To informally test, I first ran a clean debug compile on my Windows machine with the serial and tbb devices. The build itself took 3 minutes, 50 seconds. Here is a list of the binary sizes in the bin directory:
kmorel2 0> du -sh *.exe *.dll
200K BenchmarkArrayTransfer_SERIAL.exe
204K BenchmarkArrayTransfer_TBB.exe
424K BenchmarkAtomicArray_SERIAL.exe
424K BenchmarkAtomicArray_TBB.exe
440K BenchmarkCopySpeeds_SERIAL.exe
580K BenchmarkCopySpeeds_TBB.exe
4.1M BenchmarkDeviceAdapter_SERIAL.exe
5.3M BenchmarkDeviceAdapter_TBB.exe
7.9M BenchmarkFieldAlgorithms_SERIAL.exe
7.9M BenchmarkFieldAlgorithms_TBB.exe
22M BenchmarkFilters_SERIAL.exe
22M BenchmarkFilters_TBB.exe
276K BenchmarkRayTracing_SERIAL.exe
276K BenchmarkRayTracing_TBB.exe
4.4M BenchmarkTopologyAlgorithms_SERIAL.exe
4.4M BenchmarkTopologyAlgorithms_TBB.exe
712K Rendering_SERIAL.exe
712K Rendering_TBB.exe
708K UnitTests_vtkm_cont_arg_testing.exe
1.7M UnitTests_vtkm_cont_internal_testing.exe
13M UnitTests_vtkm_cont_serial_testing.exe
14M UnitTests_vtkm_cont_tbb_testing.exe
18M UnitTests_vtkm_cont_testing.exe
13M UnitTests_vtkm_cont_testing_mpi.exe
736K UnitTests_vtkm_exec_arg_testing.exe
136K UnitTests_vtkm_exec_internal_testing.exe
196K UnitTests_vtkm_exec_serial_internal_testing.exe
196K UnitTests_vtkm_exec_tbb_internal_testing.exe
2.0M UnitTests_vtkm_exec_testing.exe
83M UnitTests_vtkm_filter_testing.exe
476K UnitTests_vtkm_internal_testing.exe
148K UnitTests_vtkm_interop_internal_testing.exe
1.3M UnitTests_vtkm_interop_testing.exe
2.9M UnitTests_vtkm_io_reader_testing.exe
548K UnitTests_vtkm_io_writer_testing.exe
792K UnitTests_vtkm_rendering_testing.exe
3.7M UnitTests_vtkm_testing.exe
320K UnitTests_vtkm_worklet_internal_testing.exe
65M UnitTests_vtkm_worklet_testing.exe
11M vtkm_cont-1.3.dll
2.1M vtkm_interop-1.3.dll
21M vtkm_rendering-1.3.dll
3.9M vtkm_worklet-1.3.dll
After making the singular change to the Invocation
object to add the
DeviceAdapterTag
as a template parameter (which should cause any extra
compile instances) the compile took 4 minuts and 5 seconds.

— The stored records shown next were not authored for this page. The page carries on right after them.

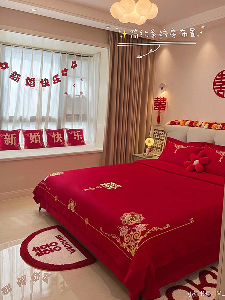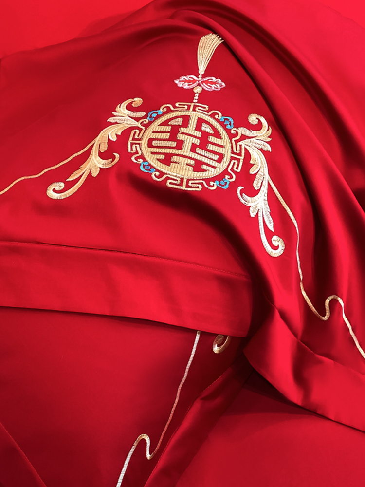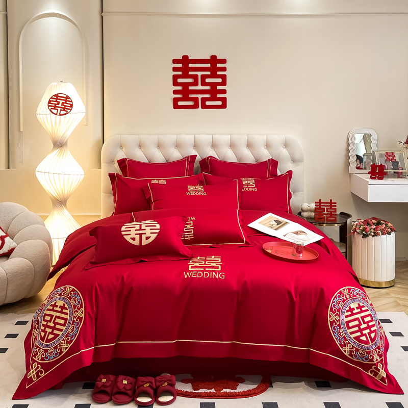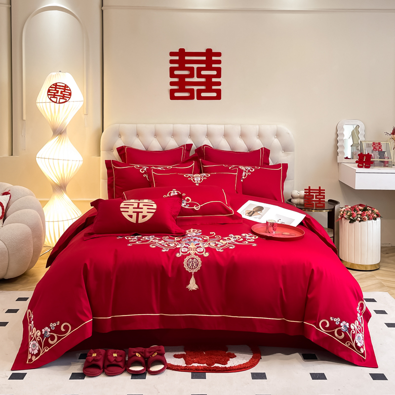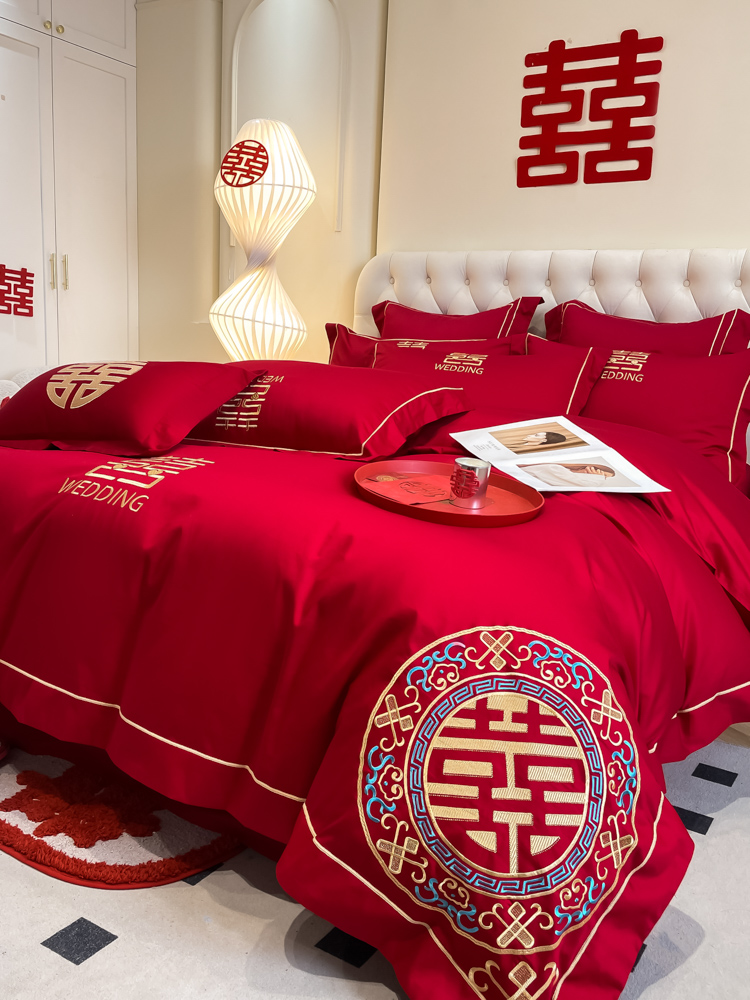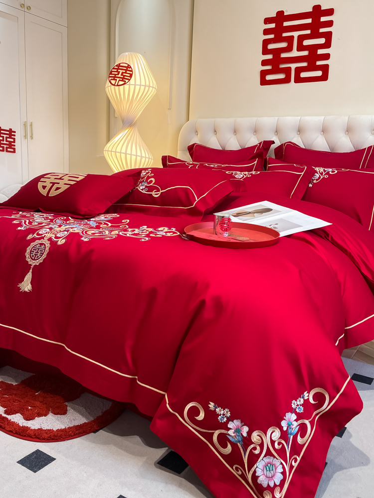 高档160支长绒棉结婚四件套纯棉陪嫁被套红色全棉床单新婚庆床品8
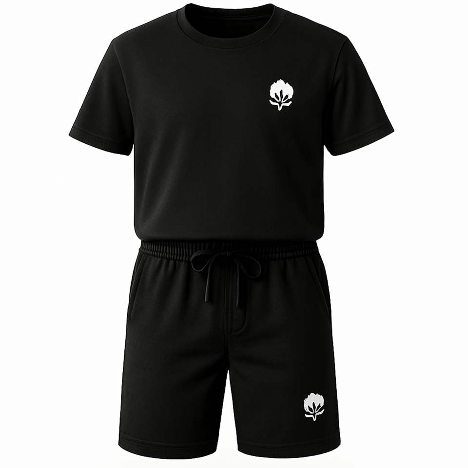 ชุดเซ็ตเสื้อยืดและกางเกงขาสั้นสีดำทรงโอเวอร์ไซส์สำหรับผู้ชาย ผ้าฝ้าย 100% สไตล์สตรีทแวร์ เหมาะสำหรับฤดูร้อน
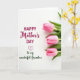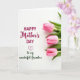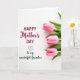 This card features a balanced layout on a bright white background, pairing a loving message with fresh floral details ❤️. Near the center, the words “HAPPY Mother’s DAY” appear in magenta, with “Mother’s” written in flowing connected lettering that feels soft and affectionate. Just below, a small magenta heart sits like a quiet sign of closeness between loved ones. Under the heart, “To my wonderful Grandma,” is placed in gentle green connected lettering, adding a family-focused note without crowding the space. On the right side, three closed pink blossoms are stacked vertically, like a tidy bouquet held close. Deep green leaves frame each bud, their crisp shapes contrasting with the smooth petals and giving the design a calm, caring rhythm 🌼. The three pink buds form a neat column along the right edge, each nestled into dark green leaves against the white backdrop.
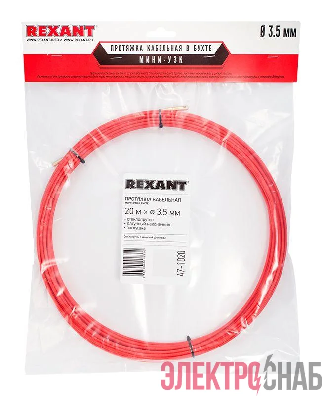47-1020 | Протяжка кабельная (мини УЗК в бухте) стеклопруток d3.5мм 20м красн. Rexant
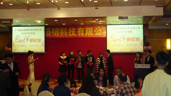 喜悅伴著汗水,成功伴著艱辛,遺憾激勵(lì)奮斗,我們不知不覺(jué)地走進(jìn)了2015年。在元宵佳節(jié)來(lái)臨之際,揚(yáng)光照明開(kāi)年晚宴在東莞會(huì)展酒店隆重舉行,揚(yáng)光照明總經(jīng)理李總,全國(guó)多個(gè)分公司負(fù)責(zé)人、全體員工及員工家屬共同出席。 美味的晚宴中伙伴們與家屬共同觀看了揚(yáng)光照明給大家?guī)?lái)的節(jié)目,節(jié)目?jī)?nèi)容精彩紛呈。

Here is the
new list of binaries.
kmorel2 0> du -sh *.exe *.dll
200K BenchmarkArrayTransfer_SERIAL.exe
204K BenchmarkArrayTransfer_TBB.exe
424K BenchmarkAtomicArray_SERIAL.exe
424K BenchmarkAtomicArray_TBB.exe
440K BenchmarkCopySpeeds_SERIAL.exe
580K BenchmarkCopySpeeds_TBB.exe
4.1M BenchmarkDeviceAdapter_SERIAL.exe
5.3M BenchmarkDeviceAdapter_TBB.exe
7.9M BenchmarkFieldAlgorithms_SERIAL.exe
7.9M BenchmarkFieldAlgorithms_TBB.exe
22M BenchmarkFilters_SERIAL.exe
22M BenchmarkFilters_TBB.exe
276K BenchmarkRayTracing_SERIAL.exe
276K BenchmarkRayTracing_TBB.exe
4.4M BenchmarkTopologyAlgorithms_SERIAL.exe
4.4M BenchmarkTopologyAlgorithms_TBB.exe
712K Rendering_SERIAL.exe
712K Rendering_TBB.exe
708K UnitTests_vtkm_cont_arg_testing.exe
1.7M UnitTests_vtkm_cont_internal_testing.exe
13M UnitTests_vtkm_cont_serial_testing.exe
14M UnitTests_vtkm_cont_tbb_testing.exe
19M UnitTests_vtkm_cont_testing.exe
13M UnitTests_vtkm_cont_testing_mpi.exe
736K UnitTests_vtkm_exec_arg_testing.exe
136K UnitTests_vtkm_exec_internal_testing.exe
196K UnitTests_vtkm_exec_serial_internal_testing.exe
196K UnitTests_vtkm_exec_tbb_internal_testing.exe
2.0M UnitTests_vtkm_exec_testing.exe
86M UnitTests_vtkm_filter_testing.exe
476K UnitTests_vtkm_internal_testing.exe
148K UnitTests_vtkm_interop_internal_testing.exe
1.3M UnitTests_vtkm_interop_testing.exe
2.9M UnitTests_vtkm_io_reader_testing.exe
548K UnitTests_vtkm_io_writer_testing.exe
792K UnitTests_vtkm_rendering_testing.exe
3.7M UnitTests_vtkm_testing.exe
320K UnitTests_vtkm_worklet_internal_testing.exe
68M UnitTests_vtkm_worklet_testing.exe
11M vtkm_cont-1.3.dll
2.1M vtkm_interop-1.3.dll
21M vtkm_rendering-1.3.dll
3.9M vtkm_worklet-1.3.dll
So far the increase is quite negligible.